Let $R$ be a ring, and $M$ a finitely-generated free $R$-module. Let $\phi:M\rightarrow M$ be an $R$-linear map, and $P_\phi(X)$ the characteristic polynomial of $\phi$. Suppose $R$ is an algebraically closed field.
Show that $P_\phi(\phi)=0$ by writing $\phi$ as a matrix in Jordan normal form.
Well, since $R$ is an algebraically closed field, all eigenvalues of $\phi$ lies in $R$, so the Jordan normal form exists. But what's the point of it then? I don't quite see.

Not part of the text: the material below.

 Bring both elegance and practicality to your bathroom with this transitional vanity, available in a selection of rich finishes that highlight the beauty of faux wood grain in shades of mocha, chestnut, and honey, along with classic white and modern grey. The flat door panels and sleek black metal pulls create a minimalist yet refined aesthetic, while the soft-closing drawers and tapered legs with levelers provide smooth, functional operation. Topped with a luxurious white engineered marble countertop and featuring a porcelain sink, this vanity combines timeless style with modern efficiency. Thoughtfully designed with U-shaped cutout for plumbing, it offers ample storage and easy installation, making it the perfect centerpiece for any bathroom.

Let $\lambda_1, \cdots, \lambda_k$ be the (distinct) roots of $\phi$ (by distinct, I mean that if they are not, I omit multiplicities). For instance, if a $4 \times 4$ matrix has characteristic polynomial $(x-2)^2(x-1)(x-3)$, then I would write $\lambda_1 = 1$, $\lambda_2 = 2$, $\lambda_3 = 3$.

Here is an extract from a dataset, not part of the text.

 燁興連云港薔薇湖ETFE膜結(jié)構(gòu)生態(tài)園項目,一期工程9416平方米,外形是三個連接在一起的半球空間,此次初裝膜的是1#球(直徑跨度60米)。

Choose a basis for $M$, say $\{m_1,\cdots,m_n\}$ over which $\phi$ has Jordan normal form. (So two vectors for $\lambda_2$, one for $\lambda_1$ and one for $\lambda_3$.)

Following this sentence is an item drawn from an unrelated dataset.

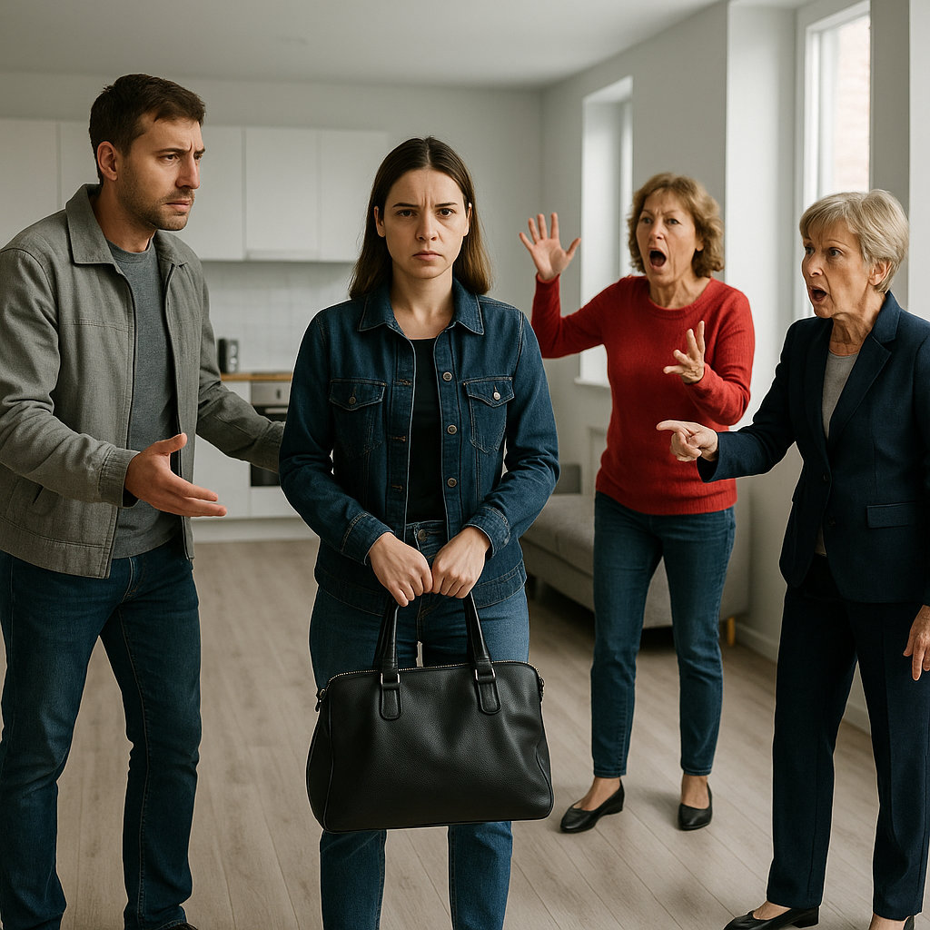 Таня открыла дверь. В прихожей столпились все трое — Денис в дорожной куртке, с сумкой в руках, Лариса в ярко-красной кофте, которая делала её лицо ещё злее, и свекровь в своём неизменном тёмно-синем костюме.

To each eigenvalue $\lambda_i$, there is a Jordan block with $\lambda_i$'s on the diagonal and (possibly some) ones on the second diagonal. (For instance, the block corresponding to $\lambda_1$ and $\lambda_3$ in my example has to be $(1)$ and $(3)$, but the block for $2$ could be either $\begin{bmatrix} 2 & 0 \\ 0 & 2 \end{bmatrix}$ or $\begin{bmatrix} 2 & 1 \\ 0 & 2 \end{bmatrix}$. )
In particular, if $m_{i_1}, \cdots, m_{i_{\ell}}$ are the vectors who span the subspace over which $\phi$ has Jordan block form with eigenvalue $\lambda_i$, then if $\lambda_i$ has multiplicity $n_i$, we have $$ (\phi - \lambda_i I)^{n_i}(m_{i_j}) = 0 \quad \Rightarrow \quad P_{\phi}(\phi)(m_{i_j}) = 0. $$ (I implicitly used the fact that the matrix $A$ with $0$'s on the main diagonal and $1$'s in the second diagonal satisfies $A^{n_i} = 0$ where $n_i$ is the size of the block, which implies the $(\phi - \lambda_i I)^{n_i}(m_{i_j}) = 0$ part.) Note that the implication follows because $n_i$ is precisely the power of $(X - \lambda_i)$ which divides $P_{\phi}(X)$, so we can multiply $(\phi - \lambda_i I)^{n_i}$ by the missing factors of $P_{\phi}(\phi)$ to obtain the full polynomial.
This means that $P_{\phi}(\phi) (m_i) = 0$ for all $1 \le i \le n$, hence $P_{\phi}(\phi) = 0$.